俺はこみ上げてくる笑気をなんとか押さえ込むべく、口元を握り拳で隠す。
「全ては美術大国であり絵画の聖地たるカメリア王国の為。何か問題でもあるかい?」
「いえ。別に何も。貴方がそれをしたと、確認したかっただけですよ」
そう意味深に答え、今度はこっちが背を向ける。
さあ、気にしろ気にしろ。
俺が何か切り札を隠し持っていると疑ってくれ。
「待て。本当に確認だけか?」
……よし、食いついてきた!
自分を大きく見せようとするヤツほど小心者。
昔の俺もそういうトコあったし。
「だから、特に何もありませんよ。ただ……」
「ただ、何だ。言ってみろ!」
ついに語気を荒げたベンヴェヌートに、俺はとっておきの返事をすべく口を覆ってた手をどけ――――
「歪な絵を描く人間の性なのかもしれませんね。歪な行為にどうしても目が行くというか、嗅ぎつけてしまうんですよ。例えば……偽造、とか」
そう告げる。
するとベンヴェヌートとリチャードの二人は、一瞬『偽造』という言葉に明らかな反応を示した。

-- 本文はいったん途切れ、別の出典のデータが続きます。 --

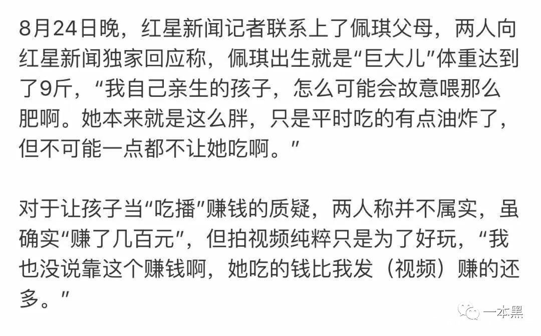 在面對媒體質疑時,小女孩的爸媽回應:“女兒生下就是巨嬰,本來就胖”、“只是吃的有點油炸了,不可能一點都不吃”、“家有3套房、月入過萬”、“做吃播只是為了好玩,不靠這個賺錢”。
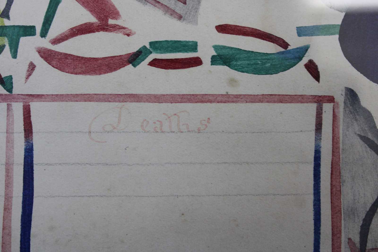 Fraktur drawings were executed in ink and/or watercolors and are found in a wide variety of forms: the Vorschriften (writing samples), the Taufscheine (birth and baptismal certificates), marriage and house blessings, book plates, and floral and figurative scenes. The earlier Fraktur were executed entirely by hand, while printed text became increasingly common in later examples. Common artistic motifs in Fraktur include birds (distelfinks), hearts, and tulips, as well as blackletter (Fraktur) and italic calligraphy.
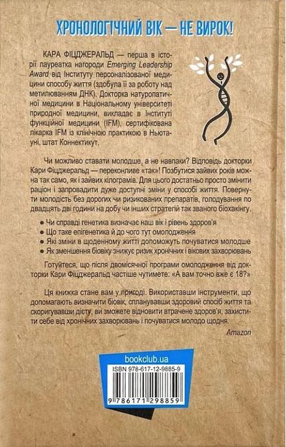 Ставати щодня молодше, а не навпаки… Якась магія? Ні, підтверджена наукою реальність. Бо ж хронологічний вік - не вирок, коли можна повернути назад біологічний годинник. Докторка Кара Фіцджеральд переконує: позбутися зайвих років можна так само, як і зайвих кілограмів. Для цього достатньо просто змінити раціон і запровадити дуже доступні зміни у способі життя. Повернути молодість без дорогих чи ризикованих препаратів, голодування по двадцять дві години на добу чи інших стратегій так званого біохакінгу.
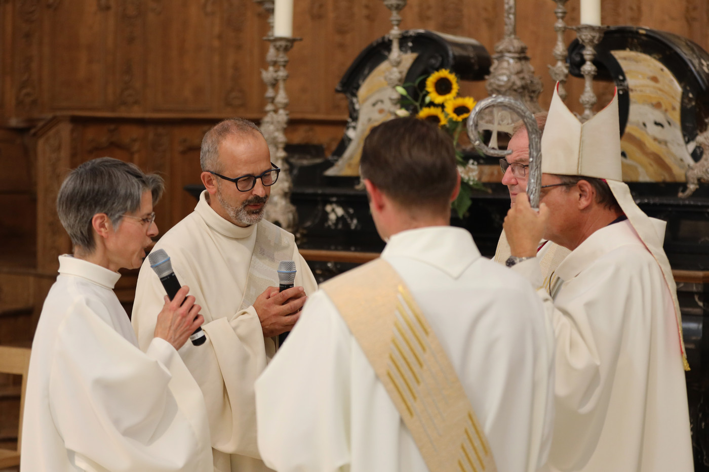 «Oui je le veux», ont-ils répondu à Mgr Félix Gmür la question de savoir s’ils voulaient travailler «dans le partage des tâches, en collaboration avec les agents pastoraux, l’ensemble des baptisés, en particulier les Conseils pastoraux et les Conseils des corporations ecclésiastiques».
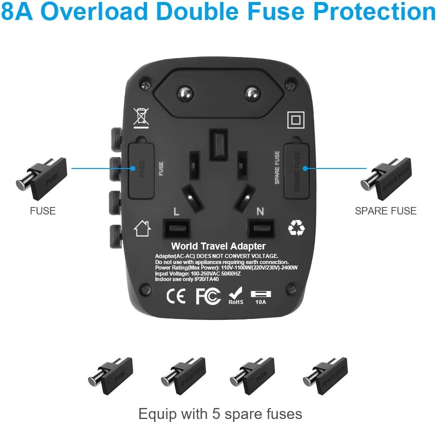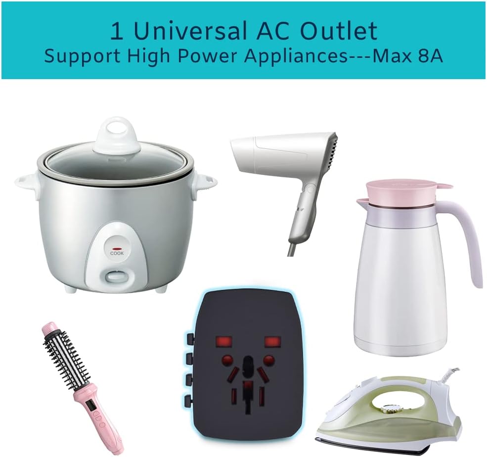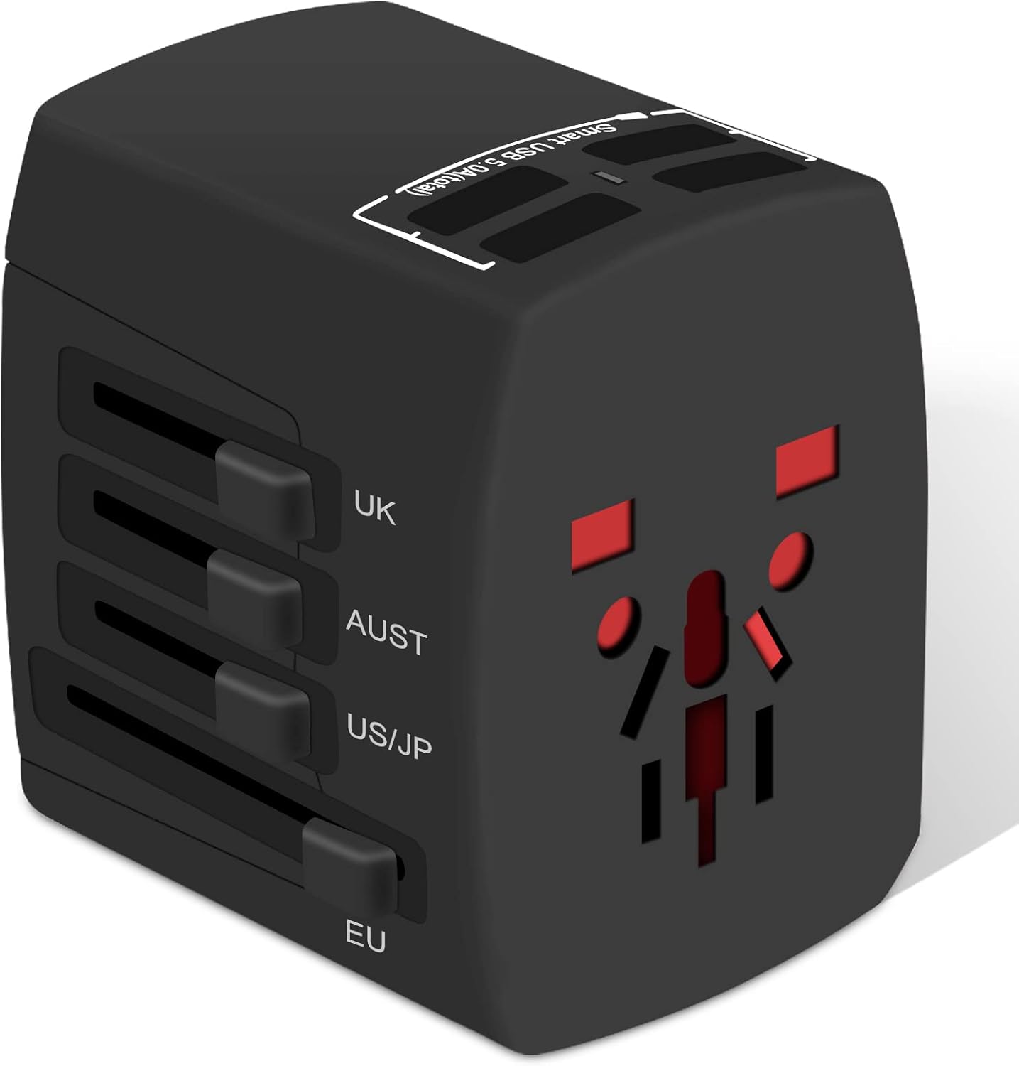 Adaptador de corriente de viaje universal en todo el mundo, adaptador internacional de 2000 W con 4 puertos USB, Reino UnidoUEAUEE. UU. (más de 200
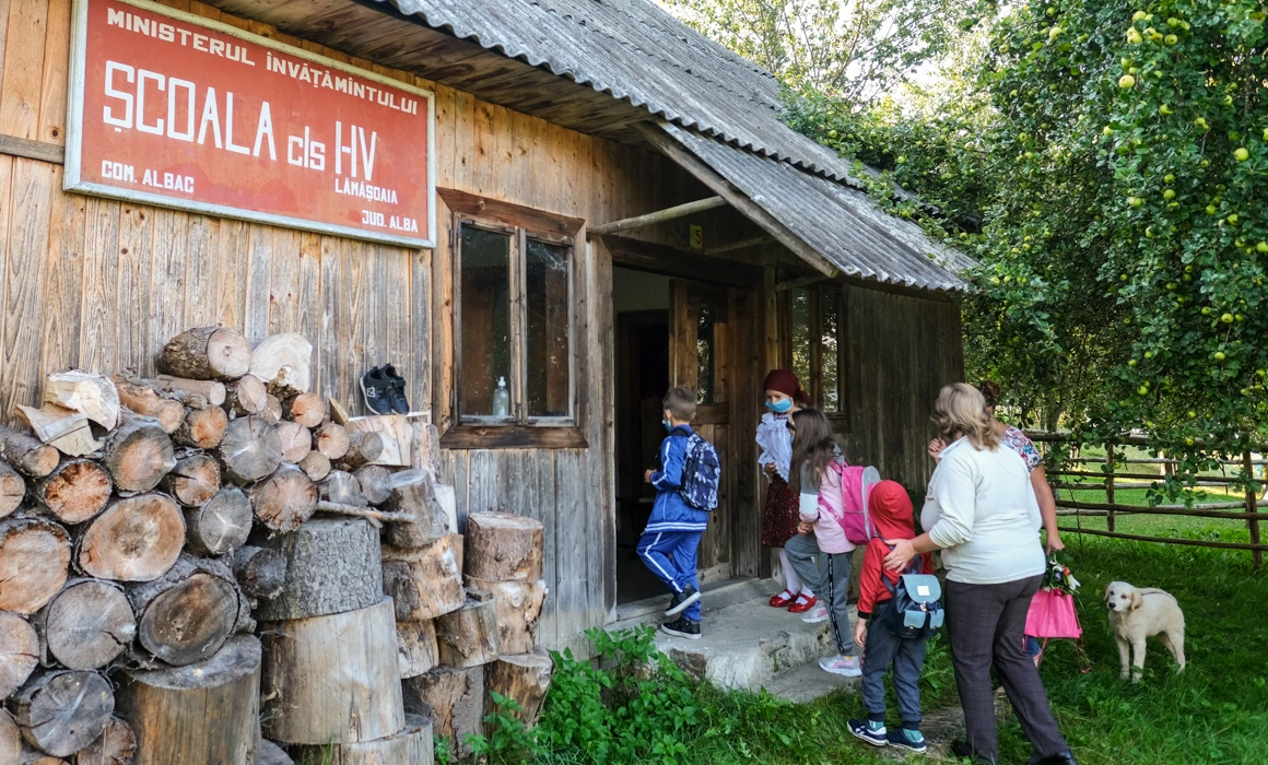 „Pe domnul primar nu-l găsiți în perioada asta, că este în campanie electorală”, îmi spune amabil un funcționar al primăriei. Convins fiind că îl găsesc totuși la școala din Dealu Lămășoi, cu pregătiri pentru noul an școlar, încep urcușul. La școala care îi așteaptă peste câteva zile pe cei șase elevi, împărțiți în patru clase, e însă pustiu. Noroc cu Claudiu, un băiețel de 11 ani, fost elev al școlii, care ne prezintă căsuța aflată chiar în ograda familiei lui. Școlile care deservesc satele răsfirate din Apuseni sunt fie case închiriate de la localnici, fie aflate în proprietatea statului, și arată la fel ca în anii '60, când au fost date în folosință. Lui Claudiu nu îi plăcea în primele clase, că erau puțini copii și nu avea cu cine să se joace. Și tatăl băiatului, acum plecat la munte la adunat de ciuperci și fructe de pădure, a mers la aceeași școală primară și în aceleași condiții. Acum, Claudiu e încântat de școala gimnazială din comună.
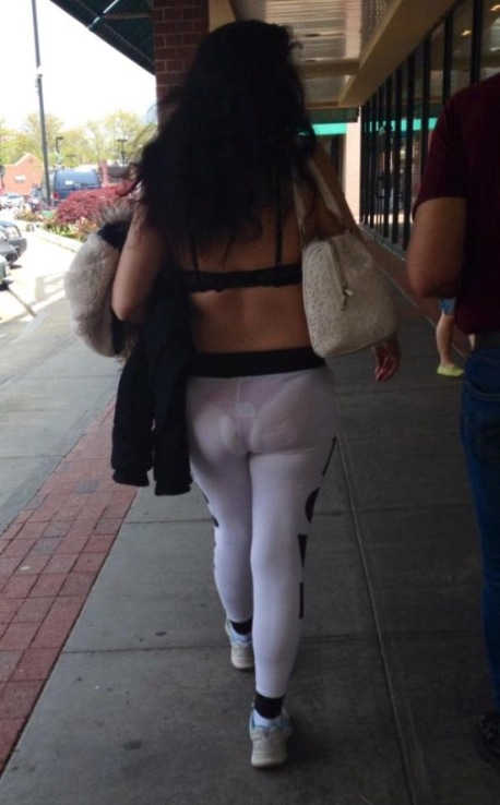 This girl really needs to stop and reevaluate what she's wearing. First mistake was wearing leggings, second mistake was making them see through, and last mistake was wearing a pad with wings and a thong
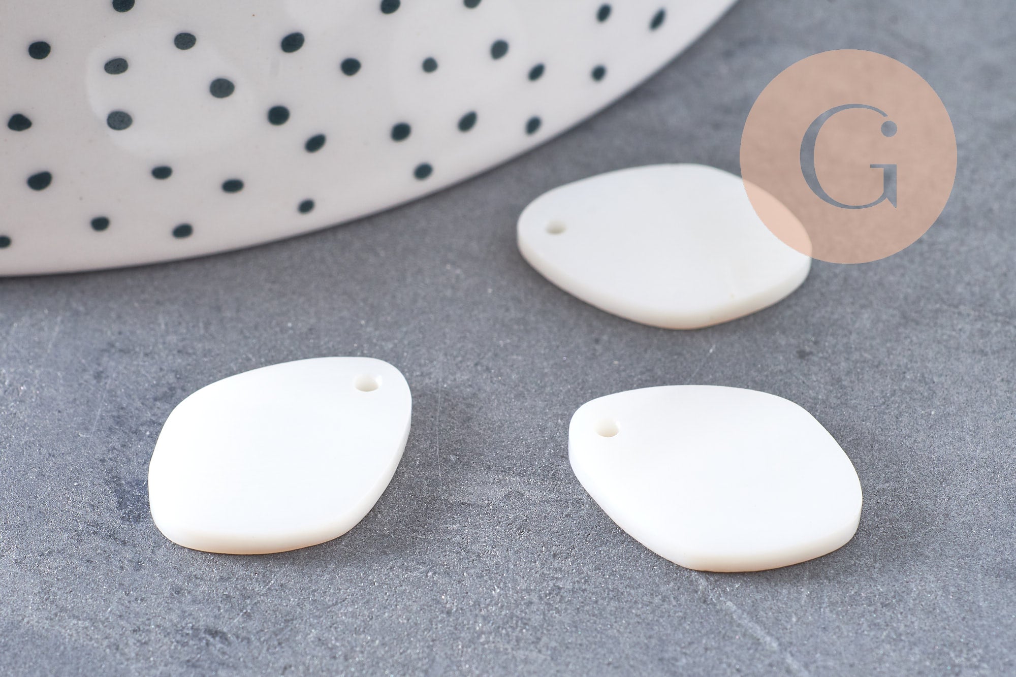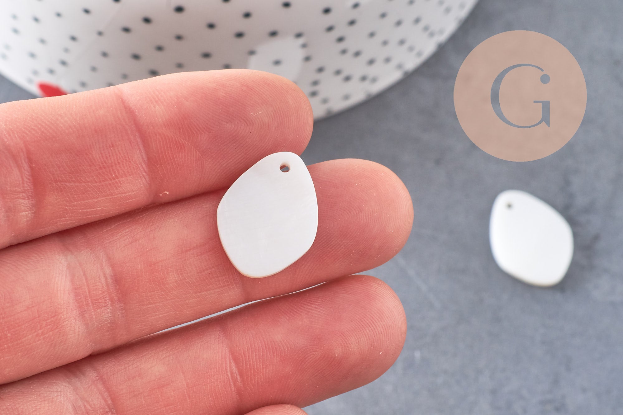 EP-Natural 15mm white mother-of-pearl oval drop pendant, x 10 G5902

「だから貴方の師匠の模造作品にもいち早く気付いた、という話です。それだけですよ」
最後は素っ気なくまとめ、完全に二人から背を向ける。
これまでずっと俺の話に介入せずにいたメアリー姫とリエルさんの視線が一体何の話だと問いかけていたが、俺は敢えてそれを無視した。
「……そうか。なら話はここまでだ。リチャード!」
「は、はい!」
ベンヴェヌートはあからさまに不機嫌そうな声で会話を打ち切り、スマートさのカケラもない退場劇によって部屋を後にした。
その後ろ姿が完全に見えなくなった一〇秒後、俺は思いっきり息を吐いて赤絨毯の床にへたり込む。
取り敢えず――――今やれる事はやった。
「あ、あの……ユーリ先生?」
「多分、これで少し時間を稼げるんじゃないかと」
「どういう事なのか、説明して頂けると助かりますわ」
どうやら平常心を取り戻したらしいメアリー姫に対し、俺は一連の会話劇に隠されていた真相について語った。